Дмитрий Дмитриевич охал, массировал припухлые складки на животе и млел от удовольствия.
- Да ты не дергайся, Дмитрич, сиди себе спокойно. Думай о чем нибудь и не двигайся. Так лучше, иначе все дело испортишь. Не отдохнешь. Ты пока перед паркой сил набирайся.
Через четверть часа сидеть стало невыносимо. Дмитрий Дмитриевич встал с полка и сел прямо на пол. С лица градом стекал пот, затекая в глаза, рот, и Дмитрий Дмитриевич ощущал соленую пряность собственного тела так же хорошо, как он ощущал ее только после близости с любимой женщиной.
- Прогрелся, Лешка. Когда париться?
- Полежи на полу немного. Остынь чуток, сейчас начнем.
Лешка мелким порциями грамм по 50, кидал и кидал на каменку, которая беспрерывно гудела от парообразования, и свет стал таким же тусклым, как в лунную ночь.
- Айда париться! Ты ложись на полок, а я пройдусь по тебе сперва «ногами», а потом «губами», - проворковал Алексей, взяв оба веника в руки
Дмитрий Дмитриевич подошел к полку и хотел было взобраться на него, чтобы лечь на полотенце, но Алексей крикнул:
- Полотенце убери. Ложись на доски. Мы же париться будем, а не мыться.
- Они же горячие!
- Ну, так это ж баня, а не баба. Ложись, тебе говорю.
Дмитрий Дмитриевич кряхтя, лег толстым своим животом на разогретые доски парилки.
- Вот теперь порядок, лежи, расслабься. Ноги чуть врозь, руки вдоль туловища. Так, ну пошли, с Богом!

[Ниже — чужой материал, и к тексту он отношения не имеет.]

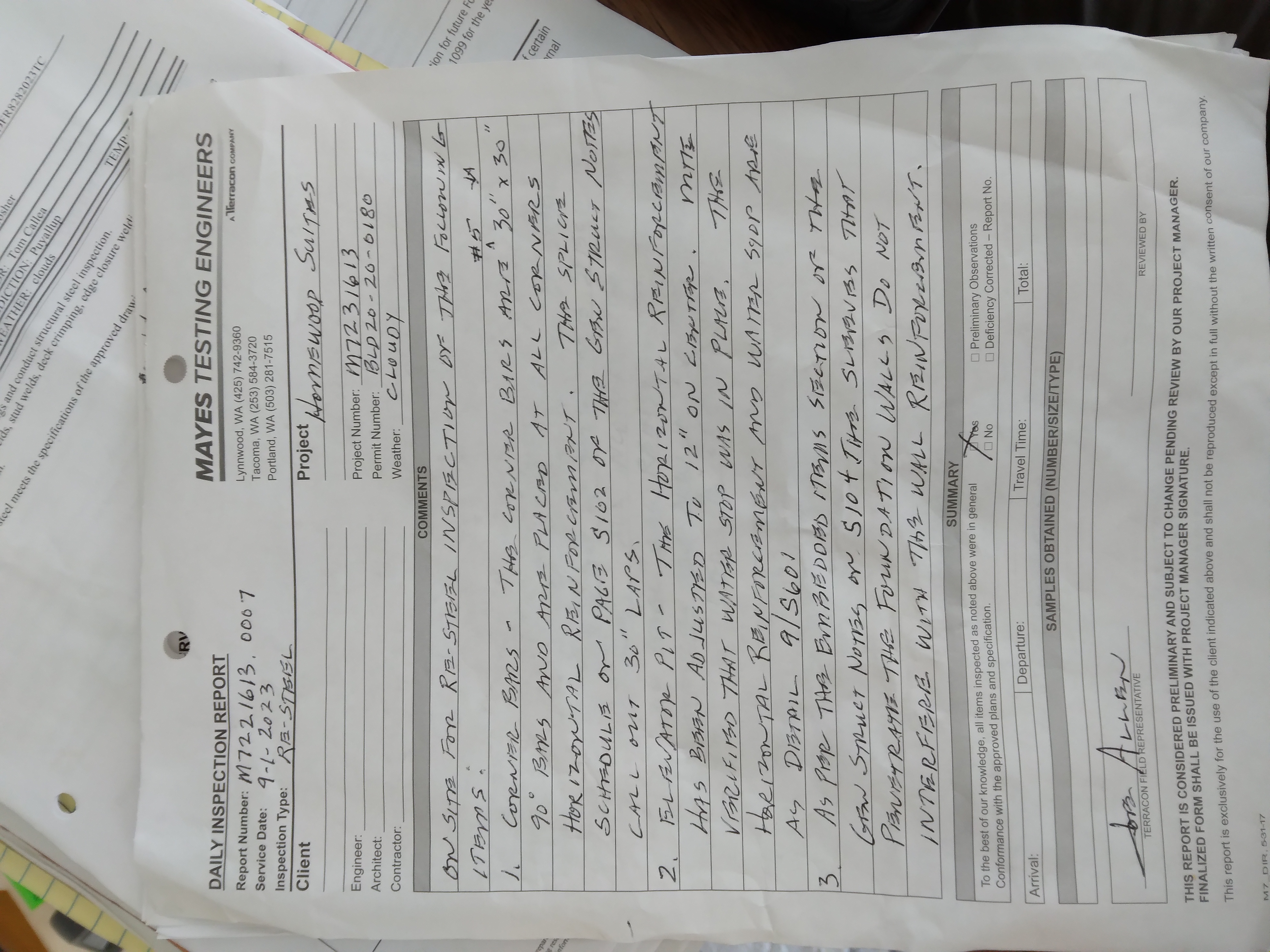| Foundation/Rebar Inspection | Partial Pass | 9/5/2023 | 9/5/2023 | 09/05/2023 |

И Лешка короткими грубыми ударами прошелся по всему телу Дмитрия Дмитриевича. И хотя он знал этот прием хорошо, но каждый раз испытывал одну и ту же нестерпимую боль.
- Лешка!.. Я тебе в морду сейчас дам, если ты не прекратишь так мучить!..
- Да дашь, дашь, только после, - хрипел в ответ Лешка, и все наращивал силу ударов.
Спина Дмитрия Дмитриевича сделалась из розовой в ярко-пунцовую. И вот когда боль стала совсем нестерпимой, Лешка вдруг перестал хлестать по спине и ударил по пяткам. Дмитрий Дмитриевич облегченно обмяк всем телом, слезы покатились по щекам.
- Ну все, разбойник!
- Чичас, чичас.
Лешка поддал еще пару и пошел отделывать пятки Дмитрия Дмитриевича.
- Все говорят, что сила у мужиков в яйцах. Не верь, Дмитриевич, не в них, а в пятках. Читал я, что в Древнем Китае, чтобы убить человека достаточно было 20 ударов по пяткам. 15 – импотент. А мы, русские, научились пятки так парить, что после этого у мужиков знаешь, как стоит! Особенно, через 3-4 часа после парилки. Ты думаешь, почему на Руси раньше детей много было? А парились почти все в банях. Вот где проблема рождаемости зарыта. Заведи русские бани. Хочешь – не хочешь: на бабу потянет. По себе знаю.
- А какая же у тебя, Лешка, баба? Ты же не женат.
- В том-то и дело, что своей нет, приходится к соседке бегать. А она меня лет на двадцать старше. Вот ведь что баня-то делает!
И рухнув от усталости, Алексей сел рядом на скамейку у полка.
- Я-то ладно, хоть к соседке сбегаю. А вот ты-то, куда сегодня денешься, Дмитрич?
И они оба рассмеялись.
- Ну а теперь – в снег, - скомандовал Лешка, и потащил Дмитрия Дмитриевича с полка. – Давай-давай, в снег! Сегодня он мягкий, пушистый. Так что лучше, чем к бабе в объятия упадешь.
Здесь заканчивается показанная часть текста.